一例として、毎年季節的なイベントを行っている課や、納税通知のような季節的な通知物を発送している課と言った特定の課を対象として、これまで蓄積されたナレッジを有効活用することによって、市民から直接寄せられる問い合わせの件数自体を減らしていくような取り組みができないかと考えています。
ただ、ナレッジの蓄積と言っても、現状は一件ずつ見ていかないと分析ができないという状況です。ベルシステムさんには、そうしたところで、例えばツールを活用するなどして、問い合わせ傾向の分析や、そうした分析を踏まえたご提案をいただけると嬉しいです」

インタビューの最中に、鶴小屋様から「そういえば、ここまでほとんど何も変えずに来れていますね」という言葉がありました。前回のインタビュー時にも話されていた、開始前のしっかりした準備によりここまで大きな運用変更を迫られることなく運営ができている、この点がお話を聞いていてとても印象に残りました。
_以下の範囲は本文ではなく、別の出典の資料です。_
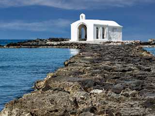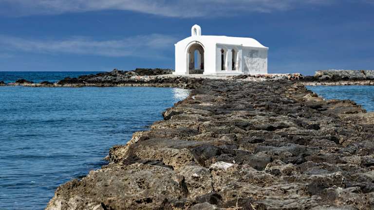 Bei hohem Wellengang kommt man nicht trockenen Fußes des Steinweg zur Kapelle hinüber (wobei "Weg" eigentlich das falsche Wort für eine Reihe großer Steine ist). Ein wenig beschwerlich ist es schon, auf den glitschigen Felsbrocken - aufgereiht, um die Hafeneinfahrt zu befestigen - zum Ziel zu kommen. Und auch im Inneren gleicht die Kapelle wohl den gefühlt tausend anderen auf der Insel. Doch ist es ein romantisch faszinierender Ort, man hat einen schönen Blick über den Strand und sogar eine Hochzeitsgesellschaft hat während unseres Aufenthaltes dort ihre Zeremonie abgehalten. Also genau das Richtige für einen Abendspaziergang während eines Urlaubes in Georgioupolis.

その中で、SLAの達成、業務の効率化など多くの成果もあがっています。
また今後の展望でも述べられていますが、蓄積されたナレッジは生成AIの登場などもあり、ますます活用の可能性が広がることが期待されています。
ベルシステム24はこれからも藤沢市様のDX推進を様々な面から伴走していきたいと考えています。

藤沢市 様

企業サイト:https://www.city.fujisawa.kanagawa.jp/

神奈川県の東南部に位置する人口44万人(2025年3月推計)の市。2021年4月にデジタル推進室を新設し、「藤沢市DX推進計画」及び「藤沢市スマートシティ基本方針」を策定。地域で育まれたコミュニティ、官民連携、テクノロジーの活用を組み合わせて、ニーズに合ったサービスの提供や市民生活の質の向上により、誰もが安全安心な生活が送れる藤沢市の実現を目指しています。